Ce rapport 2020 confirme combien le Défenseur des droits constitue un mode de recours crucial pour ceux qui en sont éloignés. Le droit est le socle de la démocratie, mais il n’est rien sans les moyens mis en œuvre pour le faire respecter. La mission du Défenseur est une condition essentielle de la confiance en la démocratie.

Mme Élodie Jacquier-Laforge. Nous avons abordé la question des conditions d’accueil au sein des centres de rétention administrative dans le cadre de mon avis budgétaire relatif à la mission « immigration, asile, intégration ». Les mesures prises dans les CRA pour pallier les carences récurrentes dans la prise en charge sanitaire posent question. Le Défenseur des droits en avait d’ailleurs demandé la fermeture complète, en l’absence de perspective d’éloignement.
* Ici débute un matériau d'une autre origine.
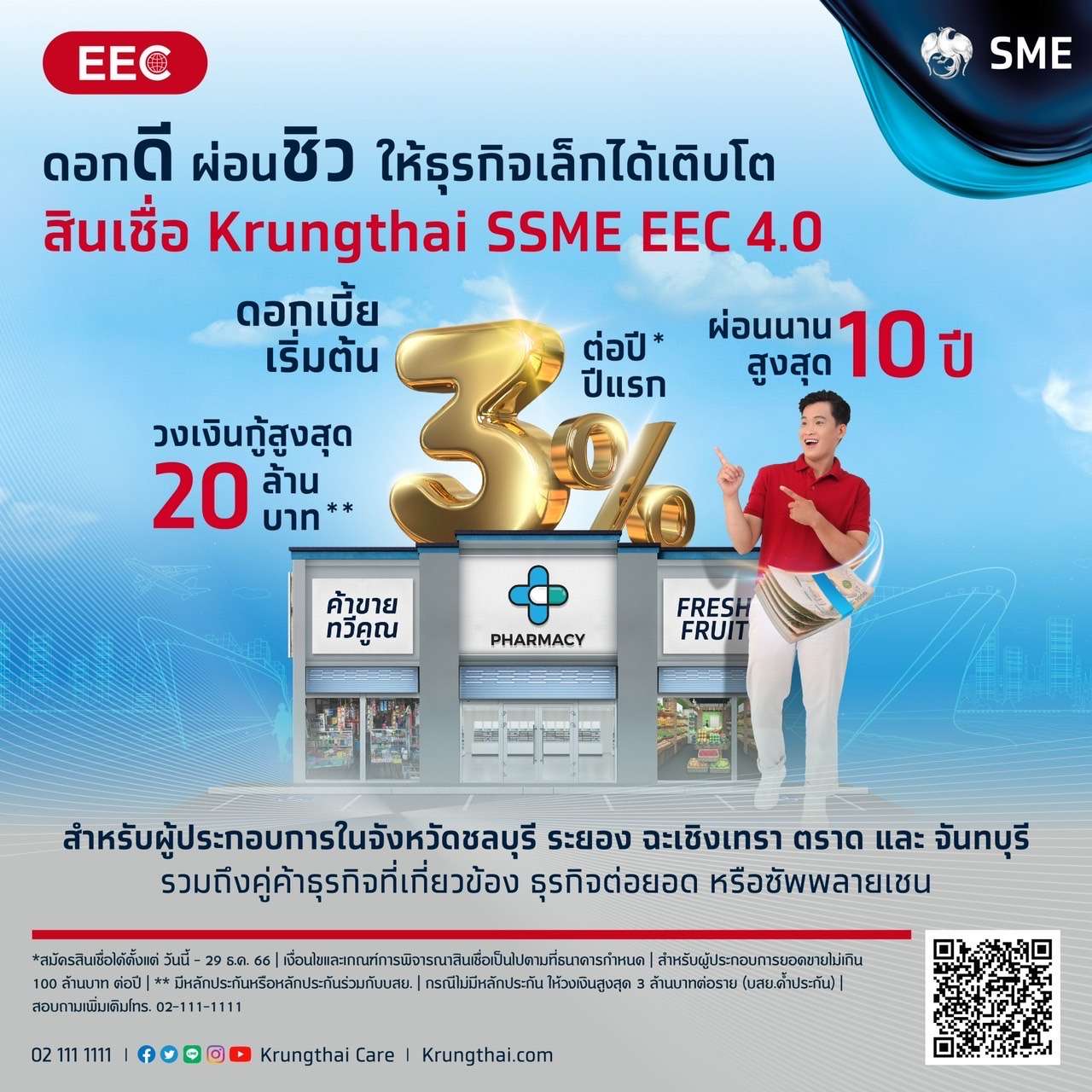 ภายในงานนี้ ธนาคารเสริมสภาพคล่องลูกค้าธุรกิจ ด้วยสินเชื่อ Krungthai SSME EEC 4.0 สำหรับผู้ประกอบการในจังหวัดระยอง ชลบุรี ฉะเชิงเทรา ตราด และจันทบุรี ดอกเบี้ยเริ่มต้น 3% ต่อปี วงเงินกู้สูงสุด 20 ล้านบาท ผ่อนนานสูงสุด 10 ปี สินเชื่อ SME ดอกเบี้ยเริ่มต้น 4.5% ต่อปี วงเงินกู้สูงสุด 20 ล้านบาท ผ่อนนานสูงสุด 20 ปี สินเชื่อ SME วงเงินสูง×3 รับวงเงินสูงสุด 3 เท่าของมูลค่าหลักประกัน สูงสุด 20 ล้านบาท ดอกเบี้ยเริ่มต้น MRR+2.5% ต่อปี ผ่อนนานสูงสุด 7 ปี สนับสนุนลูกค้าบุคคลเข้าถึงแหล่งเงินทุน ผ่านสินเชื่อกรุงไทย Smart Money สำหรับผู้มีรายได้ประจำแต่ไม่มีบัญชีเงินเดือนกับธนาคาร วงเงินกู้สูงสุด 5 เท่าของรายได้ ผ่อนนาน 5 ปี ไม่ต้องมีหลักประกัน สินเชื่ออเนกประสงค์สำหรับข้าราชการและพนักงานรัฐวิสาหกิจ วงเงินกู้สูงสุด 2 ล้านบาท ดอกเบี้ยพิเศษเริ่มต้น 7.57% ต่อปี ผ่อนนานสูงสุด 20 ปี ไม่ต้องมีหลักทรัพย์ค้ำประกัน เพียงมีรายได้ตั้งแต่ 13,000 บาทต่อเดือนขึ้นไป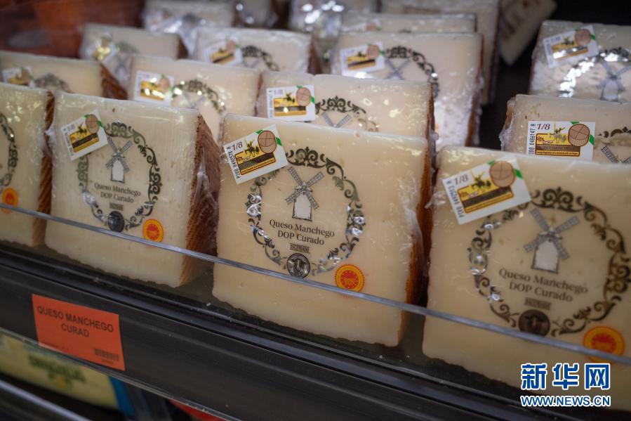 這是3月2日在西班牙馬德里拍攝的蒙切哥乳酪。西班牙的蒙切哥乳酪是中歐地理標志協定中首批受保護的歐盟地理標志產品。 中歐地理標志協定3月1日起生效。首批“上榜”的中歐各100個地理標志即日起受到保護,這意味著中國和歐盟的更多特色優質名品將進入彼此市場,不僅將更好保護中歐企業權益,也會讓雙方消費者買得放心。 新華社記者 孟鼎博 攝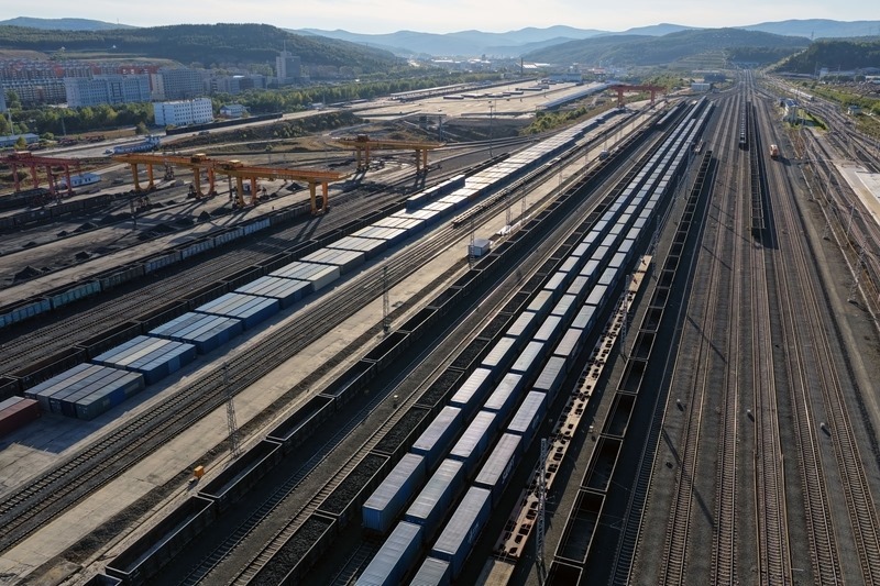 9月27日,滿(mǎn)載貨物的列車(chē)在綏芬河站北場(chǎng)進(jìn)行換裝作業(yè)(無(wú)人機(jī)照片)。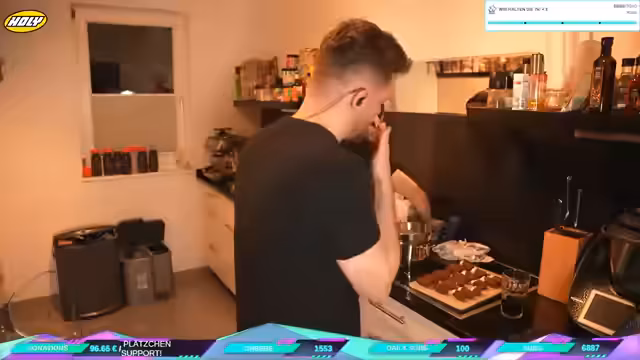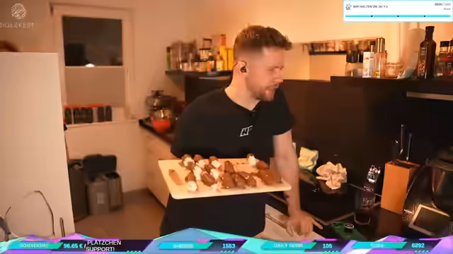 05:09:14Der Stream beginnt mit kulinarischen Vorbereitungen, bei denen über das Zubereiten von Kotelett und vegetarischen Alternativen diskutiert wird. Es wird betont, dass jede*r essen solle, was er*sie möchte, wobei Fleisch als besonders lecker hervorgehoben wird. Gleichzeitig wird der Blick auf den Kochprozess gelenkt, indem erklärt wird, dass noch Zeit für weitere Zubereitungsschritte bleibt, während über die Konsistenz von Nougatcreme und das Aussehen fertiger Nougatstangen spekuliert wird. Dabei wird humorvoll die eigene Rolle als Influencer für vegane/vegetarische Ernährung angesprochen.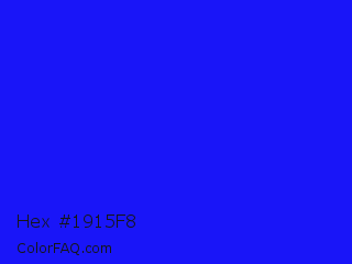 Hex #1915f8 Color is a normal indigo color and the nearest color is Bluebonnet #1c1cf0. Hex code #1915f8 and RGB value is rgb(25,21,248). In RGB color space, this color is composed of 10% red, 8% green, 97% blue, In CMYK color space, this color is composed of 90% cyan, 92% magenta, 0% yellow , 3% black , In HSL color space, this color has a hue angle of 241° , 94% saturation and 53% lightness.

Une prise de conscience est intervenue, accompagnant une nouvelle approche de la santé des personnes en rétention. Il convient néanmoins de pousser cette réflexion au-delà de la crise sanitaire. Il n’existe encore aucune étude épidémiologique. Les seules données disponibles concernent les demandes de protection contre l’éloignement pour raisons médicales. 973 requêtes de cette nature avaient été enregistrées par l’OFII en 2019, principalement au titre de troubles mentaux et de maladies infectieuses ou parasitaires.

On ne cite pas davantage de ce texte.